Locate "In another operation" in the listing. Transcribe the line that contains it and every line that follows, through the last, omitting all pictures.

*INPUT*
--------
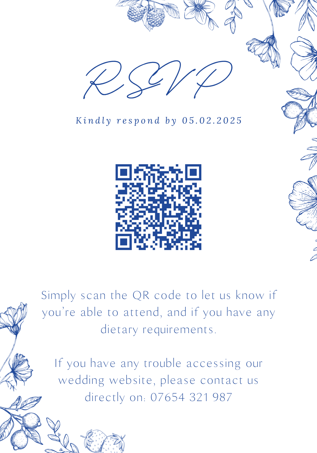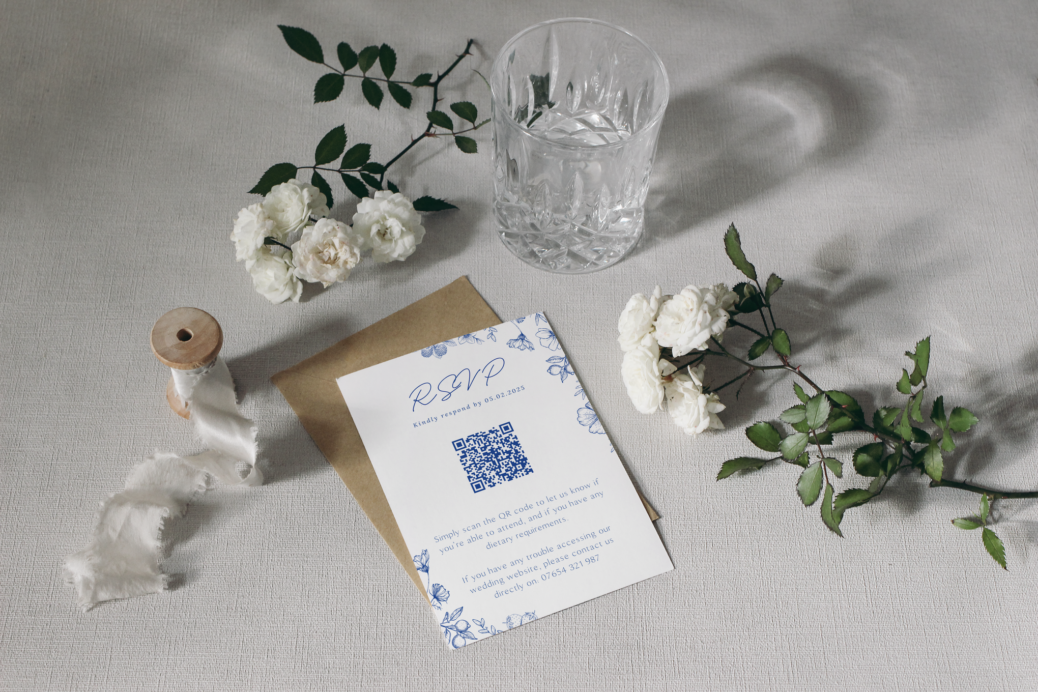 Personalised Santorini QR code RSVP card A6 wedding stationery with blue botanical sketches and custom photo front
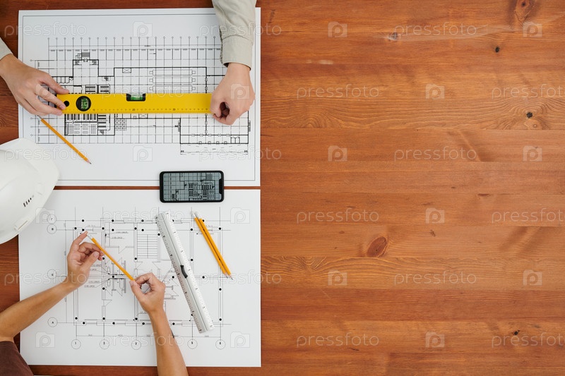 Обзор рук современных инженеров или строителей, делающих новые эскизы
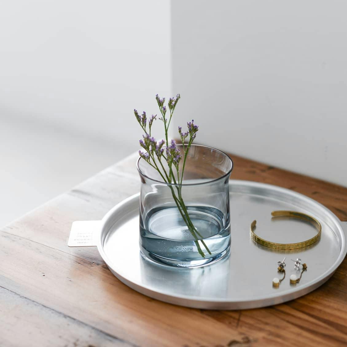 すっきりしてるデザインだから、飲み物以外にも暮らしのなかで活躍します。小柄なお花をいけてみると何気ない場所を彩ってくれますよ。
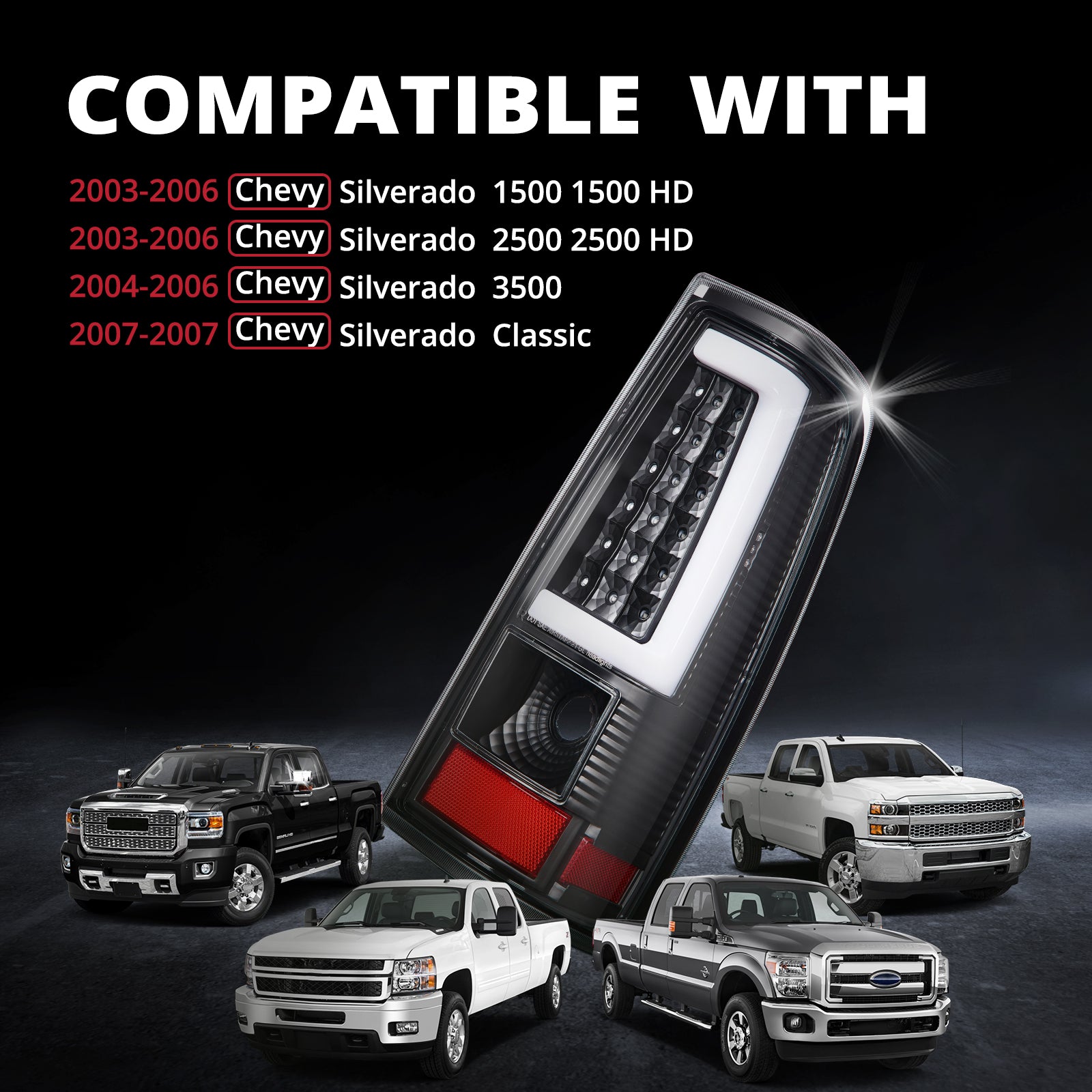 The tail light assembly is compatible for 2003-2006 Chevy Silverado 1500 1500 HD, 2003-2006 Chevy Silverado 2500 2500 HD, 2004-2006 Chevy Silverado 3500, 2007-2007 Chevy Classic, but NOT for 2007 Classic 3500HD Model. Attention: Fit for fleetside models only, NOT for models with stepside beds.
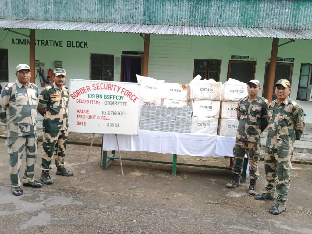 In another operation BSF troops of BOP Amlighat under District South Tripura recovered 08 catoons containing 15,400 packets of Oris & Mond Cigarette worth Rs 32 lakhs.
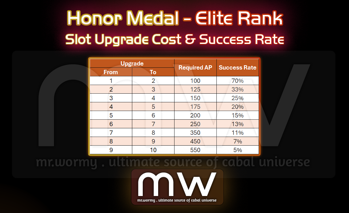 - Elite Point is used for opening slots in Honor Medal – Elite Rank
--------
*WRITTEN ANSWER*
 In another operation BSF troops of BOP Amlighat under District South Tripura recovered 08 catoons containing 15,400 packets of Oris & Mond Cigarette worth Rs 32 lakhs.
 - Elite Point is used for opening slots in Honor Medal – Elite Rank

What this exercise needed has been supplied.